– Про любовь… про это самое… – взвизгивал он.
И тут она заметила, что этот старец с бельмом, который так жаждал стихов «про любовь», уже запустил руку в карман ближнего своего и, не сводя глаз с Челищевой, очень аккуратно извлекал кошелек. Это было так мерзостно, настолько паскудно и отвратно, что Клавочка не выдержала:
– Какая подлость! – крикнула она вору. – Я вам читаю стихи о самом святом на свете, а вы… неужели не стыдно?
Старик пустил ее «вниз по матушке, по Волге»:
– А вот крест святой – не брал. Хучь обыскивайте…
Кошелька так и не нашли. Но бельмастого сама же публика выставила на крыльцо Дома трудолюбия, в зале было отчетливо слышно, как он орал от побоев, потом воцарилось прежнее благочиние, и один пожилой конокрад сказал Клавочке:
– Читай дале нам, барышня! Энтот хорь старый воровать по воскресеньям уже не станет, потому как мы все лапы ему в дверях перешибли. А про любовь нежную мы завсегда слушать согласны, потому как это – дело святое, и, пока мы живы, оно всех нас касается… Тебя, барышня, тоже!
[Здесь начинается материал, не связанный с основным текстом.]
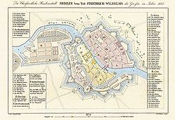 [edit]The Thirty Years' War between 1618 and 1648 devastated Berlin. One third of its houses were damaged or destroyed, and the city lost half of its population.[39] Frederick William, known as the "Great Elector", who had succeeded his father George William as ruler in 1640, initiated a policy of promoting immigration and religious tolerance.[40] With the Edict of Potsdam in 1685, Frederick William offered asylum to the French Huguenots.[41]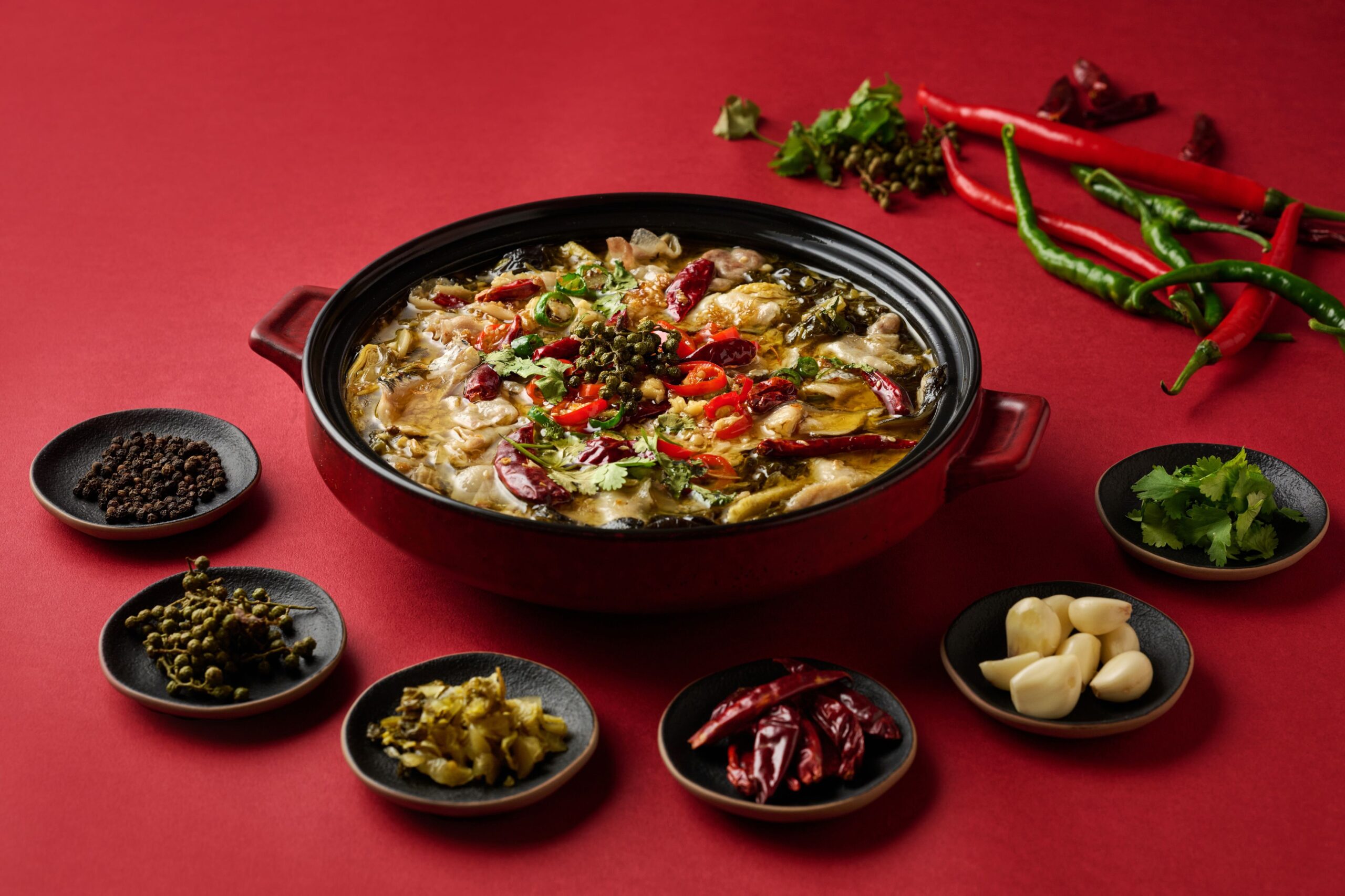 除了店景獨樹一格,餐飲也是頗具米其林規格。葉祥全主廚來自屏東16歲國中畢業就全省餐飲跑透透的勤學廚藝。曾在桃園桃源小館深受川湘大廚薛石柱的帶領,台中小吃攤起家的紅油抄手「周抄手餐飲品牌」更是他的廚藝養成,其他如高雄辦桌小吃松柏飯店、東亞大飯店川菜、渴望會館酒席主廚,與外省師傅交手多回並依序習得寶川、岡山豆瓣醬的運用得宜,葉祥全主廚與中華美饌交流協會翁茂安大廚更是換帖的好兄弟。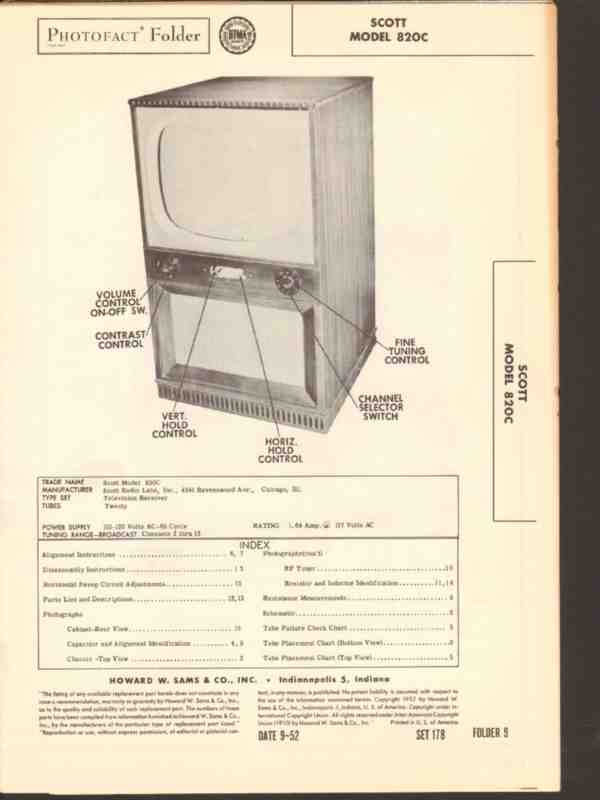 scott model 820c 20 tube tv television receiver sams photofact manual

10. Крестины с причиндалами
Сидя на нарах, Полынов доктринерски рассуждал:
– Конечно, тюрьма консервирует лучшие качества, с которыми человек вошел в тюрьму, но эта же тюрьма усугубляет все пороки, с которыми порочный человек вступает в тюрьму…
Последнее время он жил в обостренной тревоге. Полынов предчуял, что если ему выпадет «воля», то жизнь в городе не позволит сменить долгий срок на малый, сфабриковать для себя новую биографию вместе с новым именем будет гораздо труднее, нежели здесь, пока он сидит на нарах в «кандальной».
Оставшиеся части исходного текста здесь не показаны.